Millennium Dome architect Lord Rogers dies aged 88



Millennium Dome architect Richard Rogers has died aged 88.

Lord Rogers, who also designed the Pompidou Centre in Paris and the Lloyd’s of London building, “passed away quietly” on Saturday evening, Freud Communications’ Matthew Freud told the PA news agency.

Lord Rogers was born in 1933 to an Anglo-Italian family in Florence, Italy and at a young age moved to England, where he later trained at the Architectural Association School of Architure in London before graduating with a master’s from Yale.

Lord Richard Rogers, shown with his wife Lady Ruth Rogers after he received the Freedom of the City at Guildhall Art Gallery, was celebrated for his contributions to public life in London and Paris (Steve Parsons/PA) (PA Archive)

His designs, which also include the Senedd building in Cardiff and Strasbourg’s European Court of Human Rights, won critical acclaim with the Royal Gold Medal and the Pritzker Prize.
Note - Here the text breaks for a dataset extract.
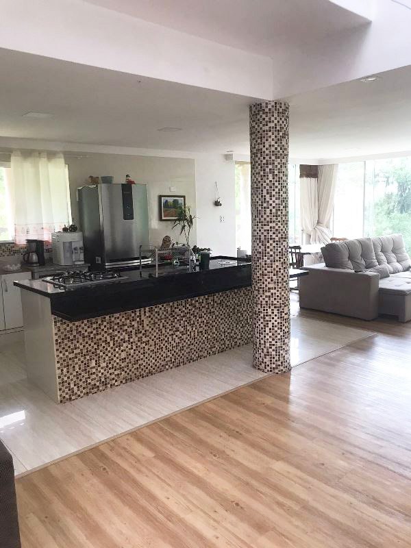 São 3 dormitórios, sendo a principal uma suíte com closet, banheira, e sacada. No térreo, extensa sala de estar e jantar integradas com cozinha e vista exuberante, através de grandes painéis de vidro da sala, direcionado para o verde da floresta, também conta com banheiro e lavanderia.

The jury when awarding him the Pritzker in 2017 praised him for having “revolutionised museums, transforming what had once been elite monuments into popular places of social and cultural exchange, woven into the heart of the city”.

He received the Freedom of the City of London at Guildhall Art Gallery in 2014 in recognition of his contribution to architecture and urbanism.

The New York Times reported he is survived by his wife Lady Ruth, sons Ab, Ben, Roo and Zad, his brother Peter and 13 grandchildren.